Web 2.0 - needs a Good Business case, otherwise dead.in.water.


Spiders vs Scrapers

I'm not sure people are rational enough about the topic to even know what a real scraper is these days. Google and Oodle both add value to the content by organizing it and helping people FIND the original content, which is quite difficult without their help.

Take a quick once over of Oodle and I think we can all easily say it passes the sniff test as the content snippets are very minimal, it's well organized and appears to be quite a valuable resource for what it's intended to do.

I think Craigslist is just hyperventilating and should approach Oodle with some mutually beneficial solution, just as a list of daily changes to craigslist to thwart Oddle's spider from doing so much work.

Here's an example of scraping with NO value added:
http://www.clan-fta.us/articles/1920-fashion.html

If you can't distiguish the difference then it's a sad day.


I think the problem has less

I think the problem has less to do with the "search-and-scrape" sites and more to do with the netiquette of bots/crawlers.
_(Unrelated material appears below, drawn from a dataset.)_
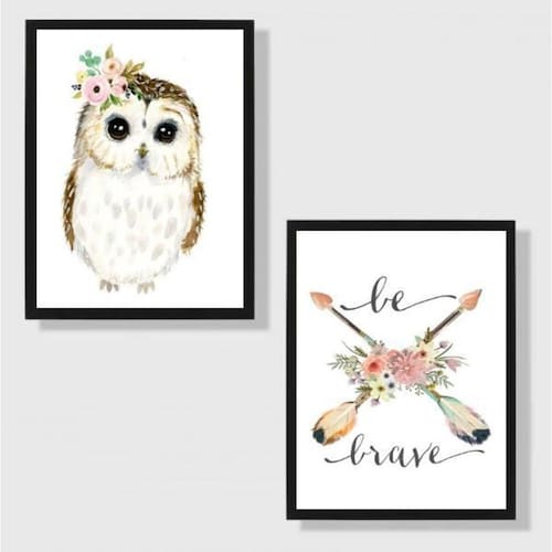 Kit 2 quadros corujinha be brave 33x24cm - com vidro Moldura: madeira branca Informações do produto tire todas as suas dúvidas no descritivo abaixo: decoração para quarto, sala, cozinha, escritório, área gourmet e muito mais. Chega de paredes vazias medidas - cada peça tem 33x24cm a4 . Material do papel - papel fotográfico brilhante de altíssima resolução acabamento - todos os quadros são acompanhados de vidro para proteção da imagem. - moldura em madeira maciça na cor preta e pendurador . - os quadros são embalados de forma segura com plástico bolha com camada dupla de acordo com o tamanho dos quadros. - de 3 meses. Meu quadro chegou. Como posso fixá-lo Você precisa apenas de um martelo e um prego, pois os quadros já vão acompanhados de penduradores. Esta é a forma mais indicada. Como posso limpar meu quadro A limpeza é feita como um móvel comum da sua casa. Apenas um pano seco ou espanador são suficientes para tal Marca: Não Informado

A couple months ago several people I know were hit by bandwidth overages, or were shut down when yahoo started aggressively searching for images. How much of it was yahoo's fault and how much of it was the webmaster's fault for having multiple high resolution photos that were opened to be crawled? A would wager a little bit of both

Also, I don't think the number of links from search engines really paints the entire picture. It doesn't count the people who found articles on the search engine and then posted it to their blog, or sent it to a friend. Granted this may end up to be a marginal difference, but my point is measuring search engine's effectiveness (or return) through one vector can be inaccurate.

There was a deal (of sorts) struck in 1996 that the robots.txt protocol would serve as the guidelines for a web site operator could impose on well behaving spiders/crawlers/bots. This imposes the onus on the webmaster to create one of these files and on the programmer of the crawler to obey them.

While not an official standard, all major search engines obey this rule. MSNbot and Inktomi Slurp (Yahoo) will even obey the Crawl-delay directive so if they are using too much bandwidth.